JAYAPURA- Identifikasi Orang Asli Papua (OAP) yang mendiami wilayah perbatasan Papua (RI) dan Papua New Guinea (PNG) hingga kini belum tuntas. Hal itu disebabkan cara hidup masyarakat tersebut yang berpindah-pindah tempat. Kendala lainnya adalah tidak adanya batas wilayah yang jelas dan masih berpatokan pada garis bayangan seperti gunung dan sungai.
Demikian dikemukakan Kepala Biro Perbatasan dan Kerjasama Luar Negeri Papua (PKLN), Suzana D Wanggai,S.Pd menginteraksi temuan Pemerintah Kabupaten Keerom tentang adanya wilayah tak bertuan di Keerom tepatnya di Distrik Yaffi.
Menurut Suzana Wanggai dengan patokan batas wilayah seperti garis sungai dan gunung menyebabkan Pemerintah Papua kesulitan untuk mengindentifikasi penduduk di wilayah yang berbatasan langsung dengan negara PNG. “Mereka hidup berpindah-pindah sehingga sulit menentukan kewarganegaraan mereka. Apakah warga warga kita (RI) atau PNG,”katanya.
Untuk mengatasi masalah tersebut, kata Suzana Wanggai, maka diperlukan kerjasama dengan semua pihak untuk verifikasi dan identifikasi batas wilayah dan kewarganegaraan. Penanganannya juga diperlukan kehati-hatian mengingat kompleksitas diperbatasan mencakup garis batas wilayah dan kependudukan.
Wanggai menegaskan pemerintah memberikan perhatian khusus kepada masyarakat yang berada di perbatasan. Oleh karena itu, masalah-masalah kependudukan diselesaikan dengan kerjasama antar pemerintah RI-PNG. Misalnya, ada OAP yang tinggal di wilayah PNG maka yang bersangkutan harus kembali ke Papua (RI). Begitupun jika ada warga PNG yang bermukim di wilayah Indonesia maka yang bersangkutan harus pulang ke negaranya.
Langkah kongkritnya adalah join verifikasi antara pemerintah RI dan PNG dengan meninjau langsung pemukiman masyarakat serta melakukan identifikasi bersama sehingga penyelesaian masalah tersebut secara seksama.
Seelumnya, Asisten Bidang Pemerintahan Kabupaten Keerom, Sucahyo Agung seperti dikutip Tabloid Jubi Online mengatakan bahwa di Distrik Yaffi,terdapat wilayah tak bertuan yang luasnya sekitar 2000 kilometer persegi (km²).
Sucahyo Agung menjelaskan, dari titik koordinat batas Indonesia dengan titik perjanjian antara Inggris dan Belanda (1895), terdapat jarak sepanjang 5 kilometer.
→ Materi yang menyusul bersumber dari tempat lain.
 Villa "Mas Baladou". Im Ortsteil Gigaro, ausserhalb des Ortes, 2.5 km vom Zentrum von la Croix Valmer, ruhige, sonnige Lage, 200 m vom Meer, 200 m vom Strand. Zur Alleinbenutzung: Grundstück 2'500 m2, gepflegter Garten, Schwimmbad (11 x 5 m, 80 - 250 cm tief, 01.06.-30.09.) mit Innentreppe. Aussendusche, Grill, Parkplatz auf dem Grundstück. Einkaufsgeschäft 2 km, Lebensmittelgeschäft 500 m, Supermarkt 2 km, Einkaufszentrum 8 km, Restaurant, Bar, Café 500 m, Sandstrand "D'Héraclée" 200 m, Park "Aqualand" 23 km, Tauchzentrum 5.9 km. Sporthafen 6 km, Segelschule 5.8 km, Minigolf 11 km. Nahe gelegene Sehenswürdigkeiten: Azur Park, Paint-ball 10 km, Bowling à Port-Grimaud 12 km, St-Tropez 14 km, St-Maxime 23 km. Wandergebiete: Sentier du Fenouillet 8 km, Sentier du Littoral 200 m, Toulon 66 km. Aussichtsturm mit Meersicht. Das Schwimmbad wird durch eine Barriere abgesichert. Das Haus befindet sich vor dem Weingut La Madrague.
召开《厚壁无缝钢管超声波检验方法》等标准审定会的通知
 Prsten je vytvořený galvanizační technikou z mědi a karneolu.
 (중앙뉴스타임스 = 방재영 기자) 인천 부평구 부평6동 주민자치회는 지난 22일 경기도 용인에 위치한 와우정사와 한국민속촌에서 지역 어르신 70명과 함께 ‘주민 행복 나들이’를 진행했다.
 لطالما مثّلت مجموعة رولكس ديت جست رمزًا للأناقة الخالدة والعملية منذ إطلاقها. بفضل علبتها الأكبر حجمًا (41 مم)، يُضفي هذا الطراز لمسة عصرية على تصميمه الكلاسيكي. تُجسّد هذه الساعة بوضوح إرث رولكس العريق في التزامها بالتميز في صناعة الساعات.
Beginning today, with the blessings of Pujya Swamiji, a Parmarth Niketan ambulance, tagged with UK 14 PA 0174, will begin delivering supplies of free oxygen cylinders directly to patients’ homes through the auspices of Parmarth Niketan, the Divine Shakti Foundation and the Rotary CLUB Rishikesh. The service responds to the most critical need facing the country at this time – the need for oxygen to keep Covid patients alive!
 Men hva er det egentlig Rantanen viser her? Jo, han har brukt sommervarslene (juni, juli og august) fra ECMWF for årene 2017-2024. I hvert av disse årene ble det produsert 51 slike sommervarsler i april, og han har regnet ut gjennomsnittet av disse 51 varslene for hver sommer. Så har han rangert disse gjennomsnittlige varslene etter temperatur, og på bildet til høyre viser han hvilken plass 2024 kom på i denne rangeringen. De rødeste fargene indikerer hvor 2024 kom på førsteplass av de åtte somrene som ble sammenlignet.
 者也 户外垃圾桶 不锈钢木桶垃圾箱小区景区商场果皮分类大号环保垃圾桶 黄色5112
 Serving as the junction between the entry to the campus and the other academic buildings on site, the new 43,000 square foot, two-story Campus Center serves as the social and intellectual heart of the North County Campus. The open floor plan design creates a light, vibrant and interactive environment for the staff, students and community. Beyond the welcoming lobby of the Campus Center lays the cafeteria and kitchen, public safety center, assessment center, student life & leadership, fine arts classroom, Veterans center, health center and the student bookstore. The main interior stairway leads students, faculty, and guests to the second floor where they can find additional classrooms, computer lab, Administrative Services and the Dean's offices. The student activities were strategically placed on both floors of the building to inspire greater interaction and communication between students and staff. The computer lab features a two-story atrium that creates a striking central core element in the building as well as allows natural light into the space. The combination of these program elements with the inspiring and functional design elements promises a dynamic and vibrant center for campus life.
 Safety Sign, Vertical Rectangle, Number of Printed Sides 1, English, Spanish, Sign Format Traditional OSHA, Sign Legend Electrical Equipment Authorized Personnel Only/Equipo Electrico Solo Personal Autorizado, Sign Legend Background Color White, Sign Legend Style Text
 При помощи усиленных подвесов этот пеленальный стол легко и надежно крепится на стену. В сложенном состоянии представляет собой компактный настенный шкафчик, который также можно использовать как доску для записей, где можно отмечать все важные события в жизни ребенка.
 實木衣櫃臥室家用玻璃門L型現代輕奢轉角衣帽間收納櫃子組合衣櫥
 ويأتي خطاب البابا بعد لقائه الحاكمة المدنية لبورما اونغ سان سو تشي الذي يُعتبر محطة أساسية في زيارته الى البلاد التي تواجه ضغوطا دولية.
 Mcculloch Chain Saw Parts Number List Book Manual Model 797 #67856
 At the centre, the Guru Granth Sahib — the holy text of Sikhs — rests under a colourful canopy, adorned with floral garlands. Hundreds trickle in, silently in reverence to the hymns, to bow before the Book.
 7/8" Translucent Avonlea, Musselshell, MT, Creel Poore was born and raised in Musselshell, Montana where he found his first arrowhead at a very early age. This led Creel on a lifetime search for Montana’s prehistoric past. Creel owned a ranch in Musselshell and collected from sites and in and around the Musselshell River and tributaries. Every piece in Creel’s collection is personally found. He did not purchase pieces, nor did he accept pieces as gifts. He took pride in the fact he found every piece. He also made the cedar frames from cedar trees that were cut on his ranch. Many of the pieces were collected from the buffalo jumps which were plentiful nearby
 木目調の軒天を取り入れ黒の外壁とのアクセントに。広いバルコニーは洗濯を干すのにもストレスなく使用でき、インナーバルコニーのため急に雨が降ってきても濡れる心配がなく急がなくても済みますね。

Di situlah terdapat 12 dusun yang dihuni 160 kepala keluarga. “Kalau ditanya mereka mengaku orang Indonesia, memang dulunya mereka adalah warga negara kita, namun karena ada operasi militer pada tahun 80an, mereka lari ke daerah tersebut dan menetap,” kata Sucahyo saat tatap muka dengan Komisi VI DPR RI, di Jayapura, Senin (30/7/2018).
Di samping ketidak jelasan status, wilayah itu sering terdapat peredaran miras oplosan dan ganja yang dilakukan masyarakat setempat. Bahkan kata ia, TNI tidak berani mengambil tindakan dengan keluar dari titik koordinat batas Indonesia, begitu juga dengan pihak Papua Nugini (PNG).